(Dataset entries)

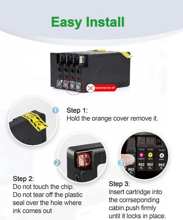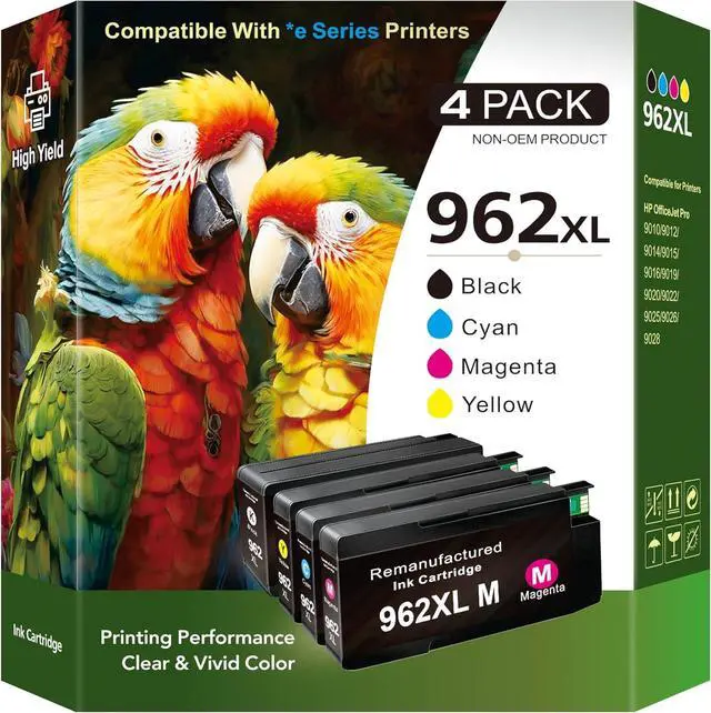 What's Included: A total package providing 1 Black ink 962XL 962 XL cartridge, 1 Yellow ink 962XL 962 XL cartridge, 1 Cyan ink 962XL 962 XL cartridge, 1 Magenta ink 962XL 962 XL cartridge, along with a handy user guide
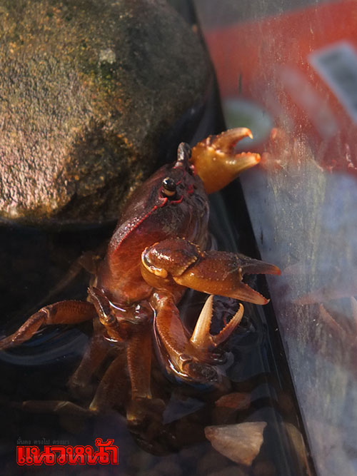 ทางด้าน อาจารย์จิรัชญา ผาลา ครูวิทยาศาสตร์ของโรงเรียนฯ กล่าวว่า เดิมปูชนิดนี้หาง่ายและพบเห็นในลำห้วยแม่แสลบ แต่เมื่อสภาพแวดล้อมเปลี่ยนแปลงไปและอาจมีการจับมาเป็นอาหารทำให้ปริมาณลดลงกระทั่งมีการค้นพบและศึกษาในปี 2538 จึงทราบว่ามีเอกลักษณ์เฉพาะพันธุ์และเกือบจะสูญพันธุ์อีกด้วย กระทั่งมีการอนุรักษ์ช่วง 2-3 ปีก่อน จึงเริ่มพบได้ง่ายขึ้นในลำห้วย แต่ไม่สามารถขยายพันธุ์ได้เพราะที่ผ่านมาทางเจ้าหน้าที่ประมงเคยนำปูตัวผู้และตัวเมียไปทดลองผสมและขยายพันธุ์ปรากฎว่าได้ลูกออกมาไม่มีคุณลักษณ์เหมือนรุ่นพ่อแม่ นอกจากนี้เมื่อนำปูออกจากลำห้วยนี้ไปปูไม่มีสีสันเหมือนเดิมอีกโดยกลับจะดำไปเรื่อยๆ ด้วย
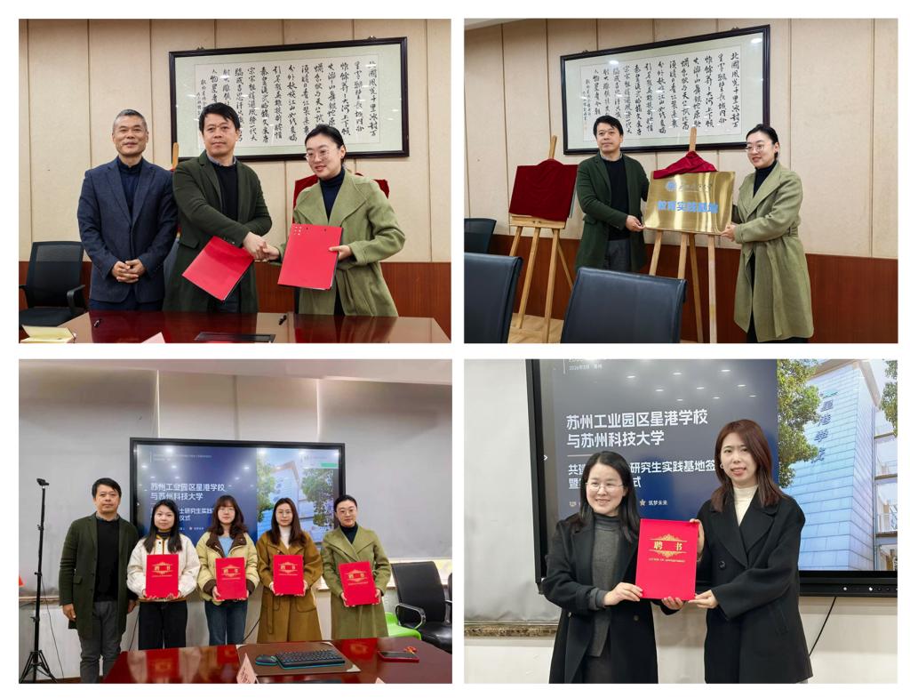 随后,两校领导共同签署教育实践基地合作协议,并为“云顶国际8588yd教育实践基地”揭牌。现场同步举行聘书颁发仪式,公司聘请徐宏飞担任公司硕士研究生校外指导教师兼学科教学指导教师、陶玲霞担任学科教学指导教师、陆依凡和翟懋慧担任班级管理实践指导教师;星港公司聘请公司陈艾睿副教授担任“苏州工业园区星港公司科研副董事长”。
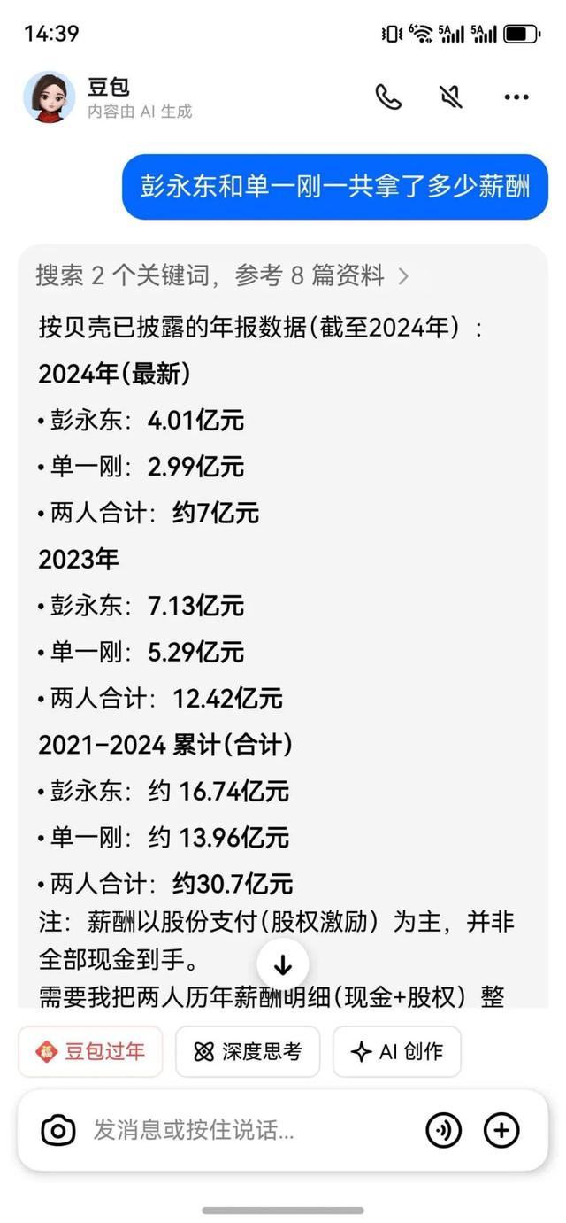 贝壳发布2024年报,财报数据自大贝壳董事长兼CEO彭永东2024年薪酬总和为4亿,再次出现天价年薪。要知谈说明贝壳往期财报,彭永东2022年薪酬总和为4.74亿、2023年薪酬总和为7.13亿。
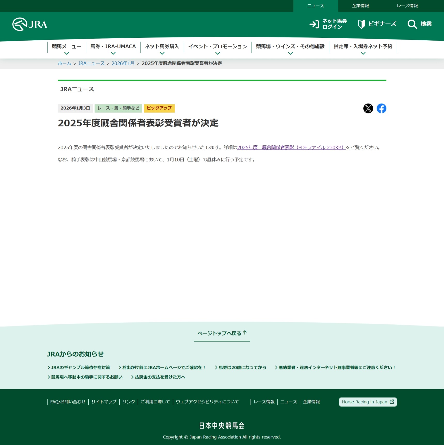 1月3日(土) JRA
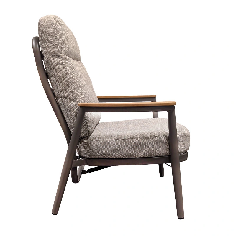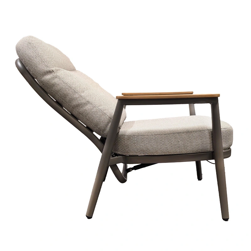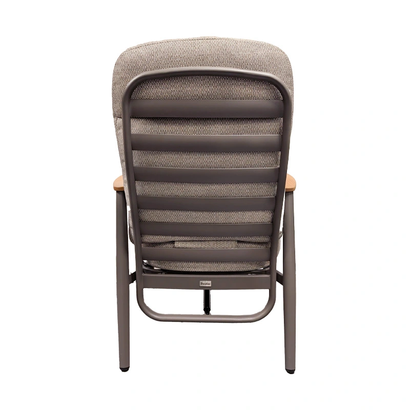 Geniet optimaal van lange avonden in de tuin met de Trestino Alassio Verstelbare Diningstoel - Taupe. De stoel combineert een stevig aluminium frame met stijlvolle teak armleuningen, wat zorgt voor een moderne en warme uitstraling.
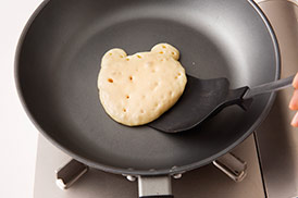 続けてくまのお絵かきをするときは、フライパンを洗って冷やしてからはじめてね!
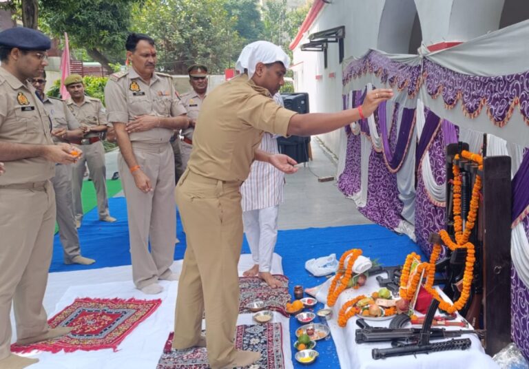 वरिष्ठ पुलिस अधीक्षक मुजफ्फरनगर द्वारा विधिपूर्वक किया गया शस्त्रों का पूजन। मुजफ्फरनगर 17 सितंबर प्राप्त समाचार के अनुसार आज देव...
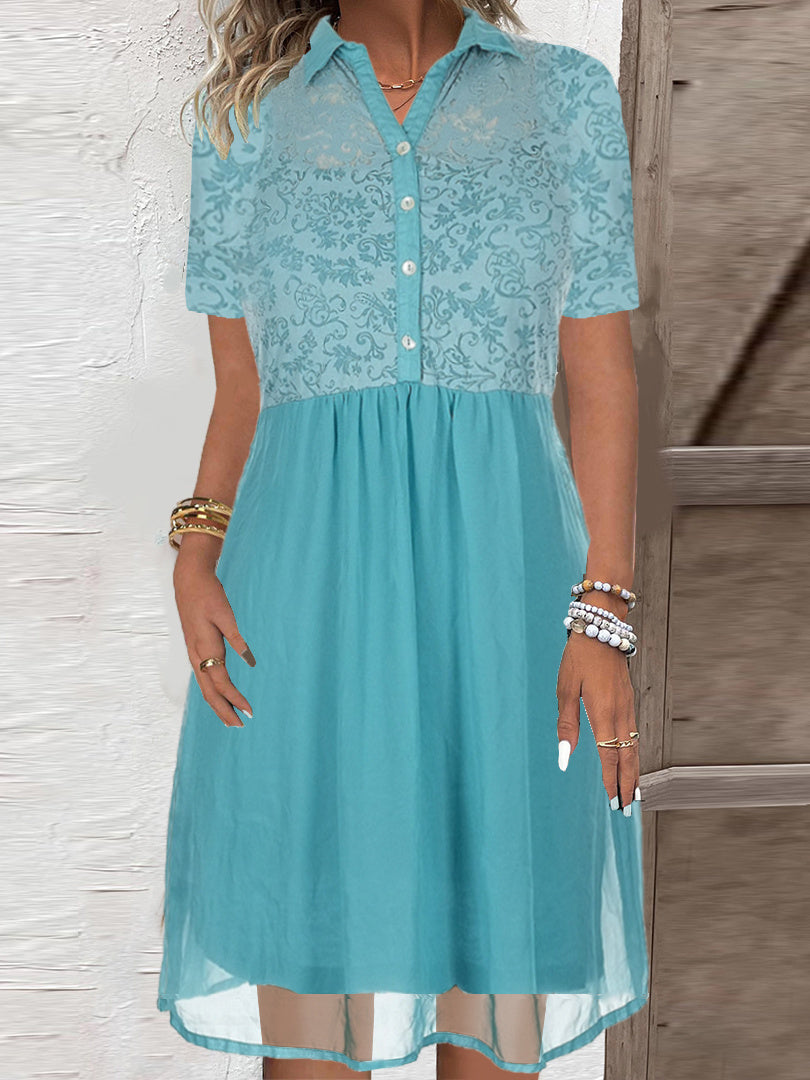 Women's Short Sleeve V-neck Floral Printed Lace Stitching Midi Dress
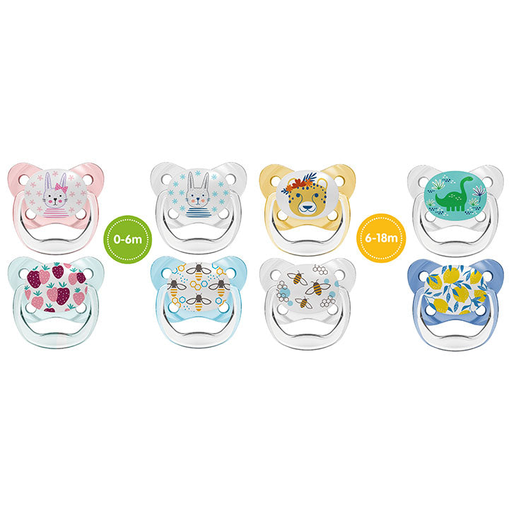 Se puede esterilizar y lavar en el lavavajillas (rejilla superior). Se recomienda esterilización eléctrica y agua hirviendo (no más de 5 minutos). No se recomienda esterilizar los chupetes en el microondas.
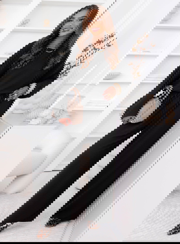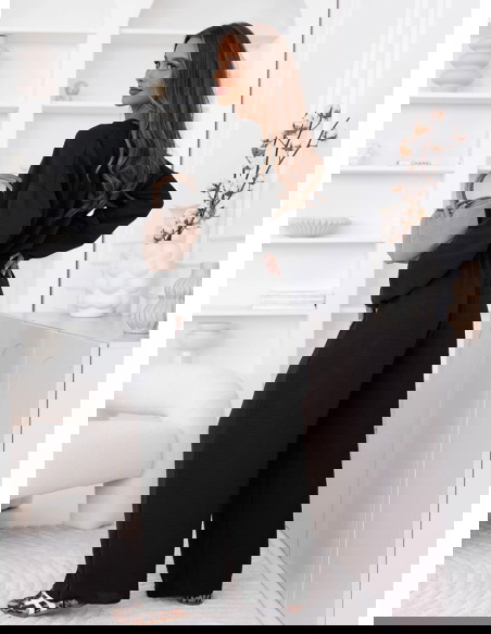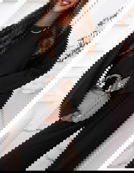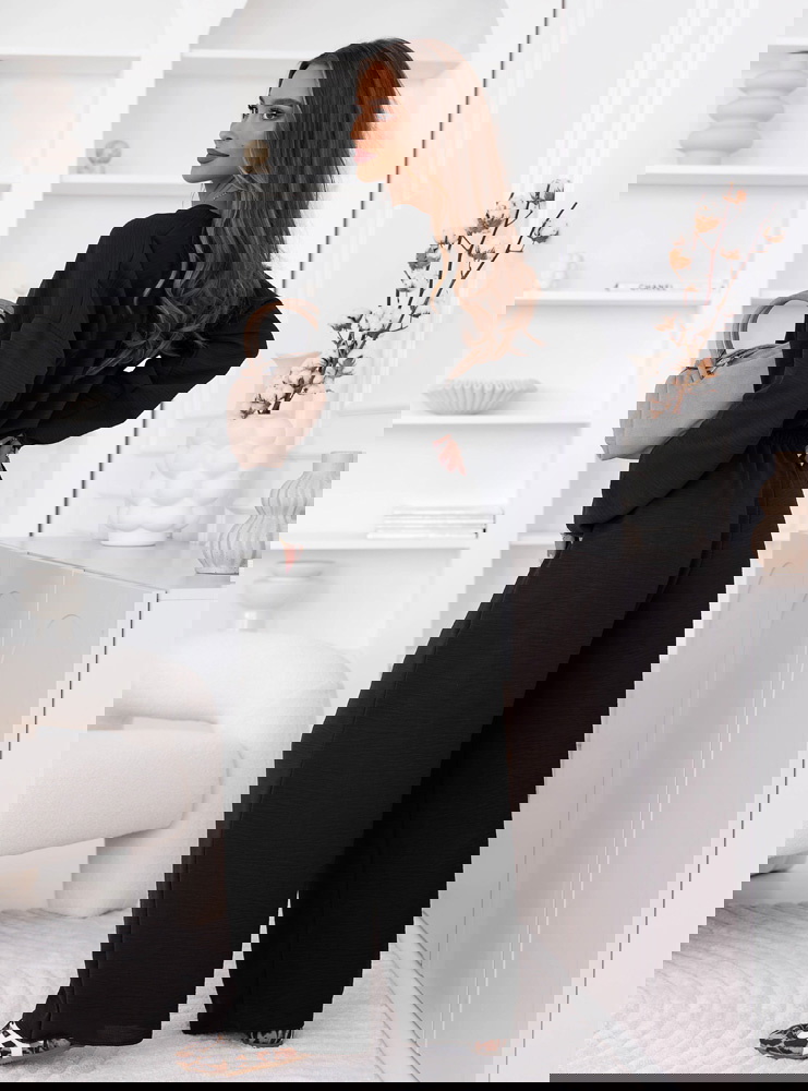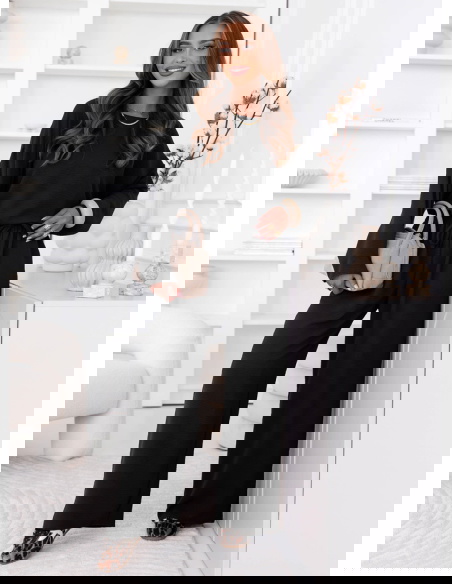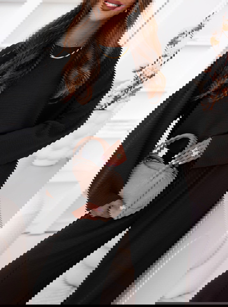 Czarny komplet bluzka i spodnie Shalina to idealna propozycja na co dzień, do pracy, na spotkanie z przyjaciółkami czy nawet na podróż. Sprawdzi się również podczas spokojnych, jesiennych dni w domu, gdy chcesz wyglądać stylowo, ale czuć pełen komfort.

- _What is being asked_:
Set down exactly the lines above, from the line containing "続けてくまのお絵かきをするときは、フライパンを洗って冷やしてからはじめてね!" through the line containing "Se puede esterilizar". Skip the pictures.

- _Response_:
 続けてくまのお絵かきをするときは、フライパンを洗って冷やしてからはじめてね!
 वरिष्ठ पुलिस अधीक्षक मुजफ्फरनगर द्वारा विधिपूर्वक किया गया शस्त्रों का पूजन। मुजफ्फरनगर 17 सितंबर प्राप्त समाचार के अनुसार आज देव...
 Women's Short Sleeve V-neck Floral Printed Lace Stitching Midi Dress
 Se puede esterilizar y lavar en el lavavajillas (rejilla superior). Se recomienda esterilización eléctrica y agua hirviendo (no más de 5 minutos). No se recomienda esterilizar los chupetes en el microondas.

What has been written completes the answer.